I have been living in Cairo for 2 years now and seem to have hit a bit of a rough patch. Most of the friends I have made here have left and because of my work schedule it is difficult for me to do activities at night when others are available (and I am struggling to motivate myself to "get out there" on my own and meet new people). 

I seem to be stuck in a bit of a rut and it is putting a lot of pressure on my relationship (I am here with my partner who works for an NGO) and making me quite miserable.

I am normally quite a positive, active and independent person and really don't like the effect it is having on me. 

I have also (like many other women) had some pretty rough experiences with sexual harassment and think that this may also be effecting my confidence. 

I was wondering if there is anyone out there who has been through a similar thing and who has any advice or words of wisdom...? I would really appreciate any advice and assistance.

Thank you.


----------



## aykalam (Apr 12, 2010)

Hi and welcome to the forum.

I have been here for almost 3 years now, the first two were absolute hell.

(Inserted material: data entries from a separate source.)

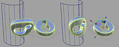 À l'aide du manipulateur, vous pouvez déplacer le point de contact par rapport aux cibles dans leur position d'origine. Dès que vous changez la position du point de contact conformées cibles, la mise à jour pour afficher les effets de la modification. Vous pouvez également utiliser le manipulateur pour accrocher le point de contact à un point spécifique de la cible d'origine : cliquez sur le point bleu clair au centre du manipulateur. Une fois celui-ci devient blanche, vous pouvez utiliser la normale curve-snapping techniques pour accrocher le point de contact sur n'importe quelle partie de l'original cibles, comme indiqué ci-après :
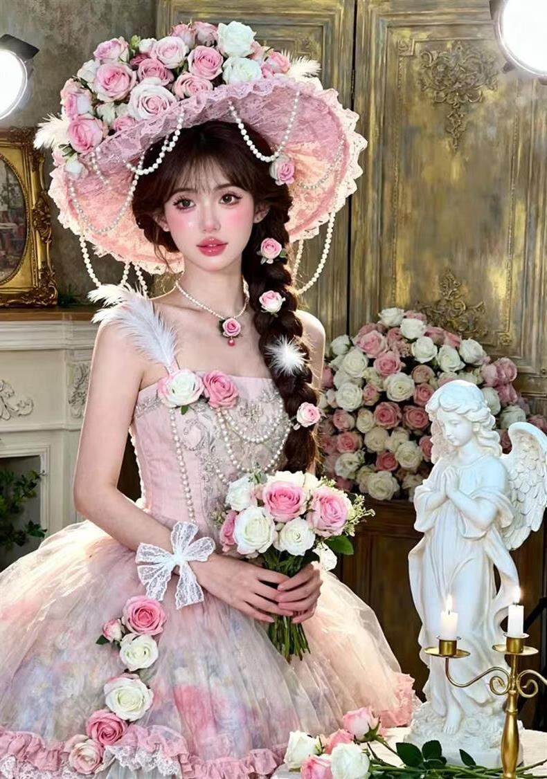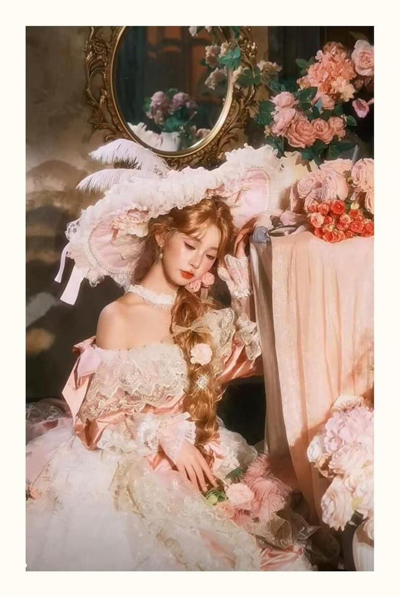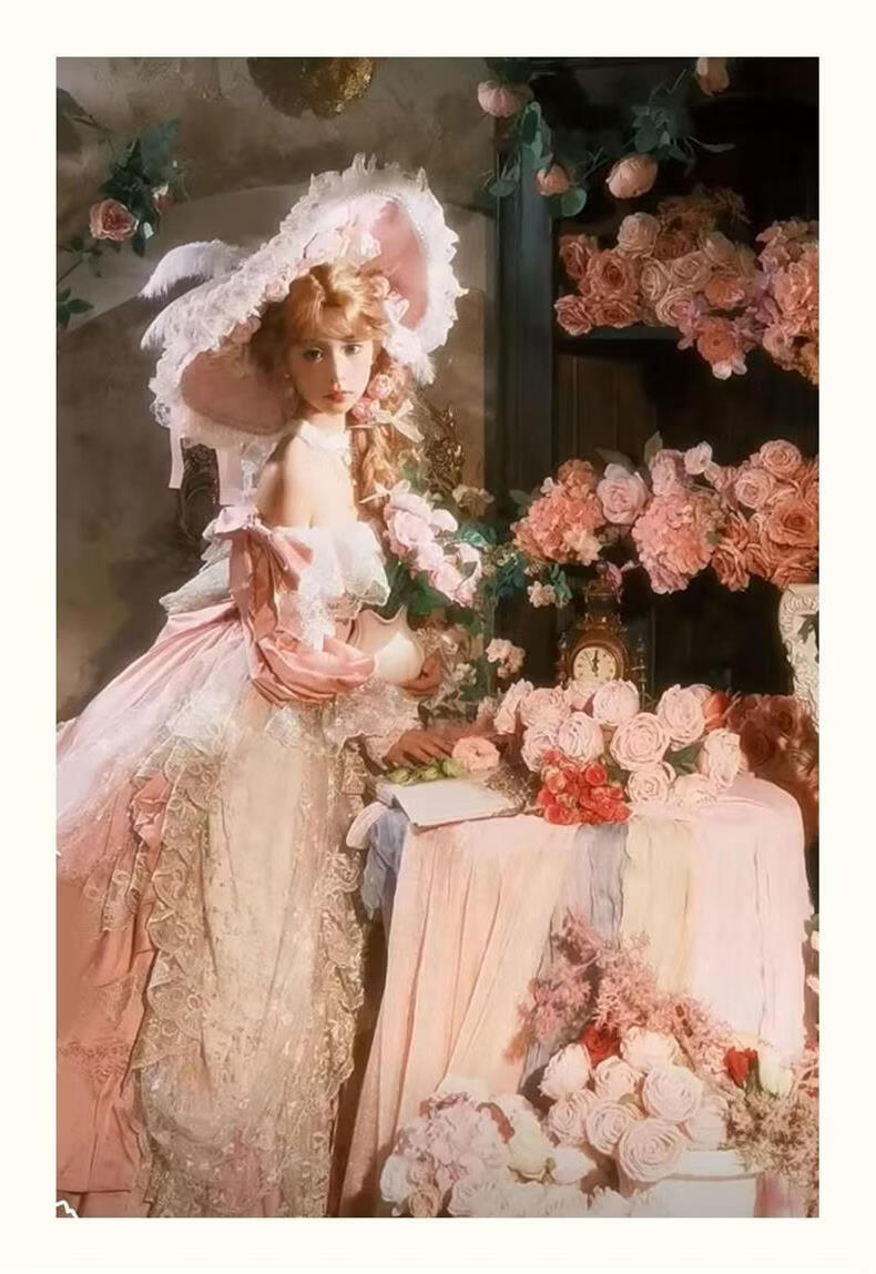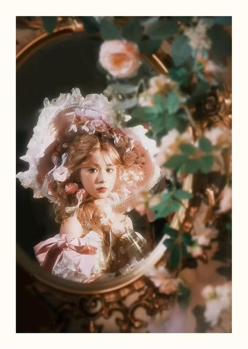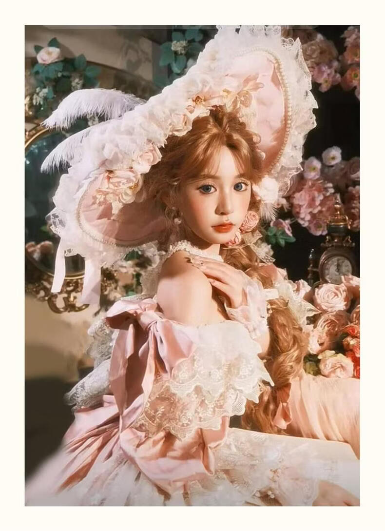 Beast Spring Pink Original Bonnet bnt Tea Party Elegant Heavy Industry Lolita Small Things Lace Rose Big Brim Hat Feather Flowers) Lace Pink Big Brim Hat M (56-58cm)
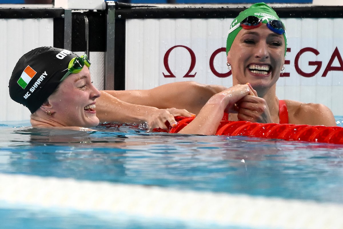 McSharry’s second Olympics exceeded all expectations. She was part of an all-time final in the women’s 100 breaststroke, touching third in 1:05.59, .01 ahead of Lilly King and Benedetta Pilato in a field where six tenths blanketed the top six finishers. The bronze made Olympic history for Ireland, whose only other swimming medals had come in 1996, belonging to Michelle Smith, later banned for anti-doping violations.
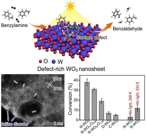 基于氧化钨纳米晶体缺陷工程的光催化有氧偶联技术原理图示及性能
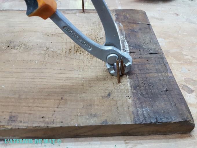 Vous pensez que je vais les couper avec la paire de tenailles hein ? Que nenni ;). En fait là, je les tire pour qu’ils rentrent un peu plus dans la planche.
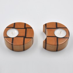 Portavelas con forma de dos círculos encajados, fabricado en madera natural de haya y mansonia con la veta a testa.
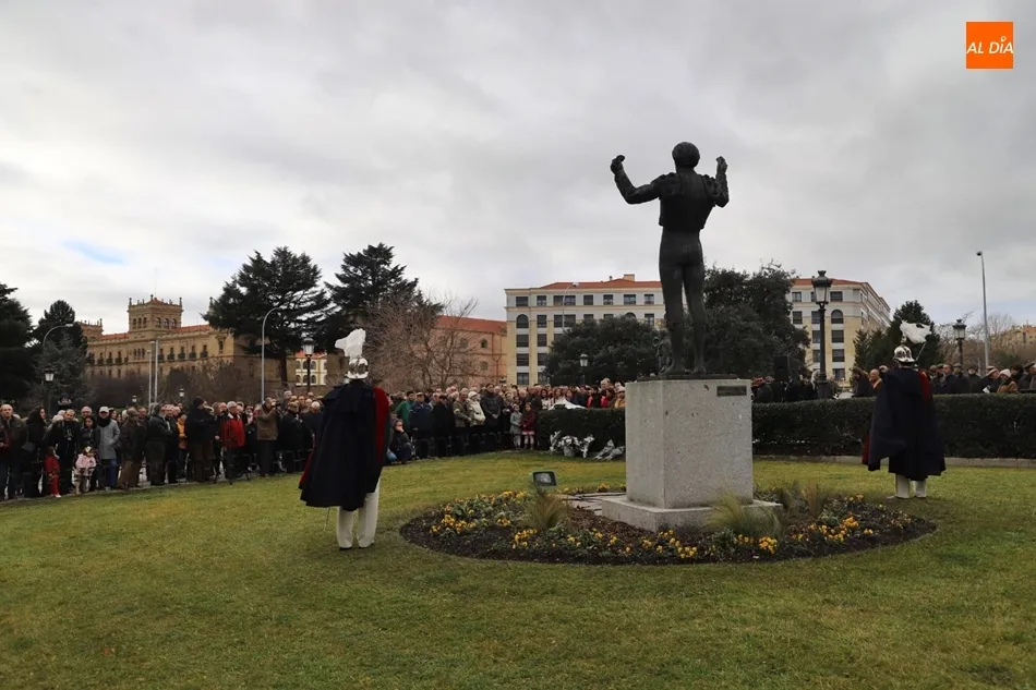 El homenaje, en el que han estado presentes entre otros el alcalde de Salamanca, Carlos García Carbayo, acompañado por miembros de la Corporación Municipal, familiares del diestro, otras autoridades y personas relacionadas con el mundo del toro, ha comenzado con el rezo de un responso a cargo del capellán de la Plaza de Toros, Constantino García, para continuar con la colocación de un ramo de flores junto a la escultura del matador.

I was homesick, depressed, just wanted to leave. I was not working although I did have some really good friends that helped let the steam off. 

You say that you are working so maybe you could socialise with people from work who will have the same schedule as your own? Where in Cairo are you working/living? Some areas are popular with expats, maybe you could try and meet new people at the weekend? 

How long are you here for?


----------



## MaidenScotland (Jun 6, 2009)

There is a quiz at the BCA Maadi tomorrow evening you might like to turn up there and join a team. Lots of your fellow countrymen take part. Take id with you .


----------



## Whitedesert (Oct 9, 2011)

livingincairo12 said:


> Hi there,
> 
> I have been living in Cairo for 2 years now and seem to have hit a bit of a rough patch. Most of the friends I have made here have left and because of my work schedule it is difficult for me to do activities at night when others are available (and I am struggling to motivate myself to "get out there" on my own and meet new people).
> 
> ...


 I think you need to talk to somebody...not sure you can mail me privately, but if you can, I could put you in touch with somebody. The struggle you have to motivate yourself to go out there is not good, there are underlying reasons for that...


----------